Está en la página 1de 2

Speech

I was laying in my bed on a warm night in June four years ago when the intrusive thoughts
started invading my mind.
I remember laying in my bed and staring at the ceiling and knowing that I was moments from
taking my own life. For six months I had been suffering.
Suffering from an eating disorder that consumed every aspect of my life and was leading me
down a slow path towards death.
Since then, it has been a long and hard battle between me and my body.

I fell in love with fitness when I was 15 years old and started bodybuilding. I thought it was
innocent. I started off slow, but when I started seeing results everything changed, rapidly

I began weighing myself everyday. Counting my calories down to the last crumb. I became
extremely conscious of nutrition labels. I was constantly staring at my body in the mirror, wishing
I saw something different. I would starve myself, then binge. It was a horrible cycle. It led me to
diet pills, laxatives, and excessive exercise. I felt that I had lost control of who I was. I did not
know who I was. I would do anything, even die, to have a socially acceptable perfect body.

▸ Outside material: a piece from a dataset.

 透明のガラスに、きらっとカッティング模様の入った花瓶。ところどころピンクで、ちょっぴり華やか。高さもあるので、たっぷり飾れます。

According to the National Institute of Mental Health, 30 million people of all ages and genders
are struggling with an eating disorder in the United States, and many more who are
undocumented. Every hour someone dies as a result of an eating disorder.

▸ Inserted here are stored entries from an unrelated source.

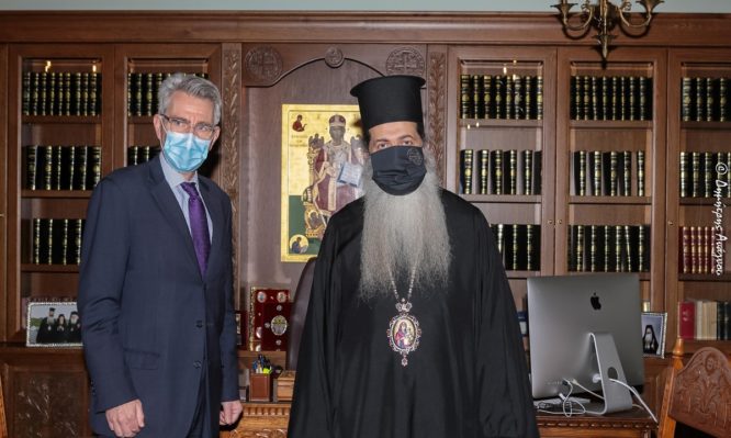 Τον Σεβασμιώτατο Μητροπολίτη Φθιώτιδος κ. Συμεών επισκέφθηκε σήμερα το πρωί στο γραφείο του στο Πνευματικό και Διοικητικό Κέντρο της Ιεράς Μητροπόλεως Φθιώτιδος ο Πρέσβης των Ηνωμένων Πολιτειών Αμερικής στην Ελλάδα κ. Geoffrey R. Pyatt .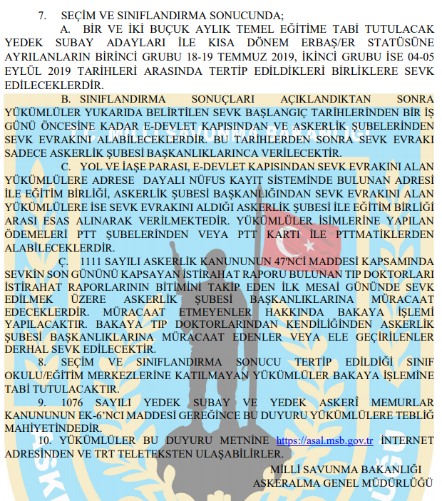6. SEÇİM VE SINIFLANDIRMA SONUÇLARI MİLLÎ SAVUNMA BAKANLIĞINCA 12 TEMMUZ 2019 TARİHİNDE E-DEVLET KAPISINDAN YÜKÜMLÜLERE DUYURULACAKTIR. SINIFLANDIRILAN YÜKÜMLÜLER TEKRAR SINIFLANDIRMA İŞLEMİNE TABİ TUTULMAYACAKTIR.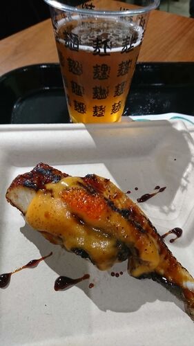 webでイベントを見かけたので、銀座のソニーパークまで行ってみた。 地下鉄を出て、地下街から直結。 看板発見! 早速入口へ、混雑してます。 先にチケットを購入して、カウンターで寿司、ビールを入手する段取り。 お気に入りの496と、うなぎチーズ的な…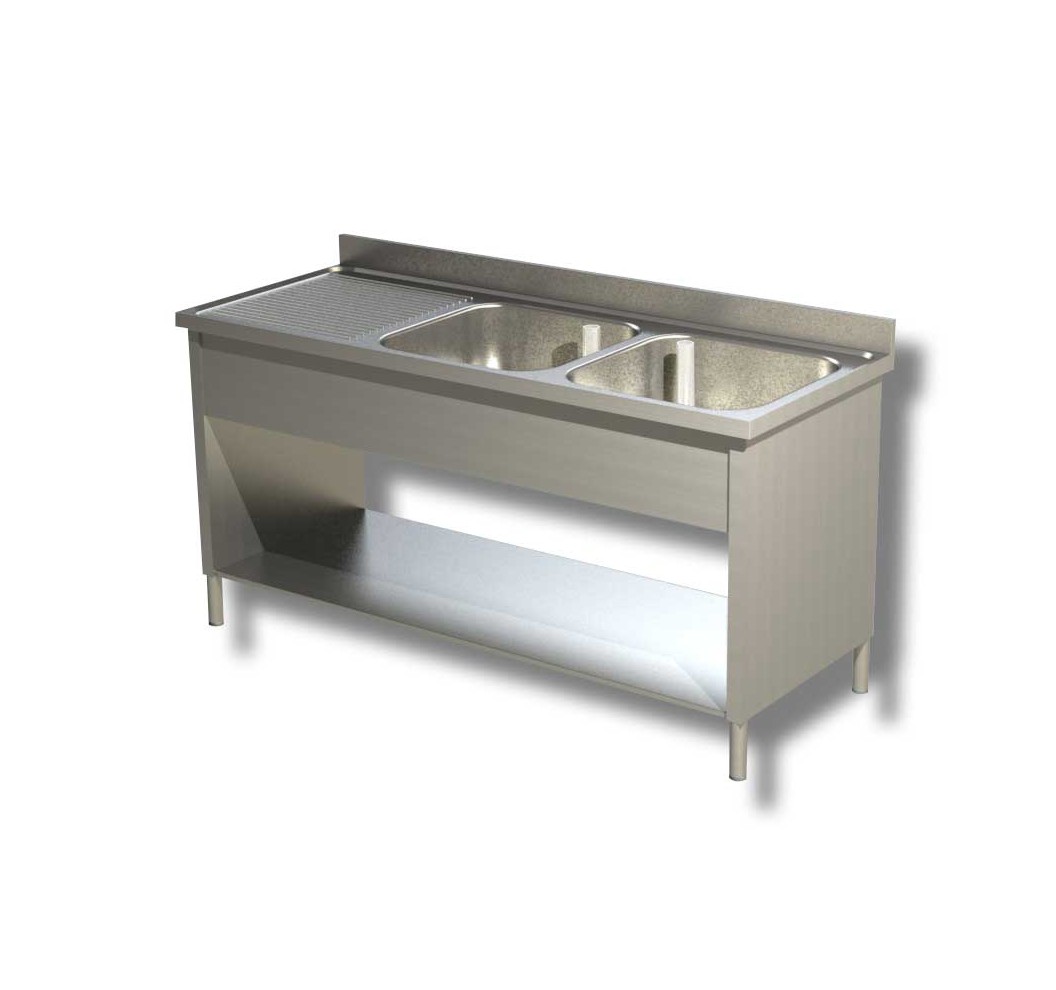 Plonge avec étagère 2 bacs à gauche - 1600x700x850mm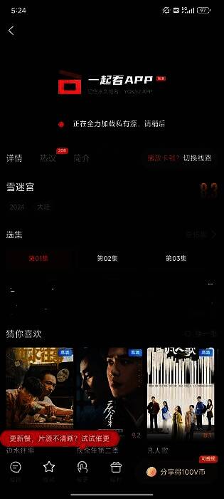 用户不仅可以享受电影和电视剧带来的乐趣,还可以结识志同道合的朋友,扩大自己的社交圈,丰富自己的观看体验。无需支付高昂的票价或额外费用,只需连接互联网即可享受丰富的影视资源,实现了高效、经济的观影方式。不受影院排期和时间限制,随时随地打开app,自由选择和观看感兴趣的电影,享受便捷的观影体验。支持手机、电脑等多种设备的无缝连接,确保用户在任何设备上都能享受一致的高质量观看体验。提供多种画质选择,确保每一帧都清晰细腻,让用户即使在家中也能体验到影院级的视觉享受。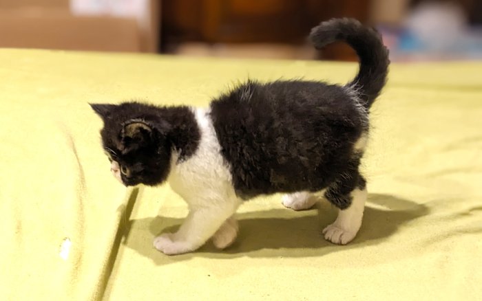 Je to kocourek Aaron: černo-bílý bikolor s bílým bříškem a tlapkami, taky má na hřbítku bílý proužek.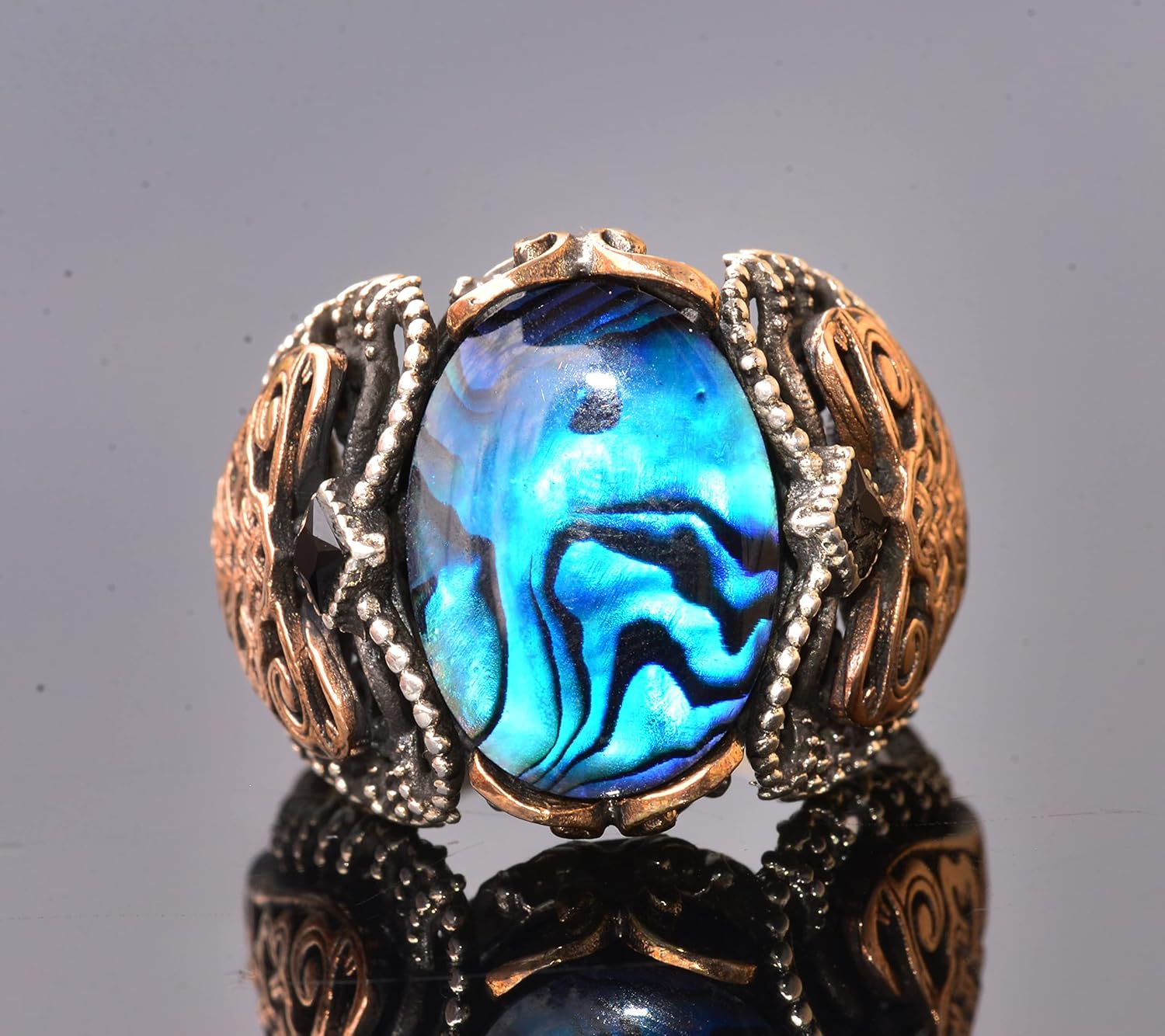 Doğal İnci Renkli Taş Yüzük, Gümüş Yüzük Erkekler İçin, Doğum Taşı Yüzüğü Erkekler İçin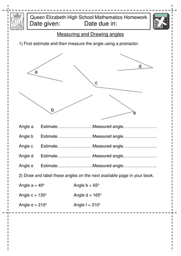 Drawing angles worksheet ID: 1419226 Language: English School subject: Math Grade/level: grade 7 Age: 11-13 Main content: Drawing angles Other contents: Add to my workbooks (14) Download file pdf Embed in my website or blog Add to Google Classroom

The rate of eating disorders among college students has risen from 7.9% to over 30% from
2006 to now. With technological advances and cultural shifts, the rise of the ideology of an ideal
body is clear.

I never thought I would become a part of these statistics. So when I started to overcome my
eating disorder, I started to ask myself why? Why did this happen to me? That got me truly
thinking.

The hundreds of fitness models I followed online. The long hours I spent on the Internet and
social media, googling how to get the perfect body. Going on youtube and seeing how other
people could lose so much weight, so fast.

I was consumed. By what? Media.


Media allowed me to fixate on ideologies that society has socially constructed. I hated my body.
I would look in the mirror and point out every flaw. Society told me I was not pretty. Society told
me I was too fat. Society made me believe I was not worth it.

Media culture produces the fabric of everyday life and shapes the ways in which we behave. It
forges our very identities. It has the power to manipulate us. The commercial culture has no
interest in my well-being, they have interest in seducing me to perform behaviors that could
harm me. What do they gain? Profit.
I was subjected to the images and ideas that I could look a certain way. Feel a certain way. If I
just ate less. If I just followed this diet. I can fit in. Media won me over. The commercials, the
social media advertisements, the sponsored Instagram posts, the fad diets discussed on the
radio, the magazine covers.

I want to make society aware of the manipulation we are subjected to. I want to encourage
individuals to be oppositional to the ideologies that are presented to us.

Do not simply be a passive consumer in a capitalist society, be oppositional. Create your own
identity. Become an active reader and learner and be aware of the domination that is imposed
upon us with each and every form of media we view.

No human deserves to be shamed for the size of their body or shape of their body. No human
deserves to develop the mindset that they need to look a certain way to be happy or feel
accepted in society.

I ask myself, why must we live in a society where we are driven by profit? Where we are driven
to conform to consumerism and are subjected to certain ideals. Commodification. Gender
norms. Acceptable forms of masculinity. Ideas relating to how one can be socially accepted.
Driven to purchase and idolize the means which make us “normal” and enable us to be properly
integrated into our socially constructed world.

We have become submissive and obedient in a way that allows capitalism to thrive and
constricts us from creating our own narratives. It can lead us down the wrong path, as it led me
down a path of having a viscous eating disorder that took over my life. I fell victim to this and
have learned that mass media messages can no longer have control over me. I am my own
person and I have to accept myself as I am and not aim to be what media tells me to be. I have
learned to be oppositional.

With all I have said, I believe it is time for a change. So let’s make that change, starting with
you. Love yourself and create your own narrative. Thank you.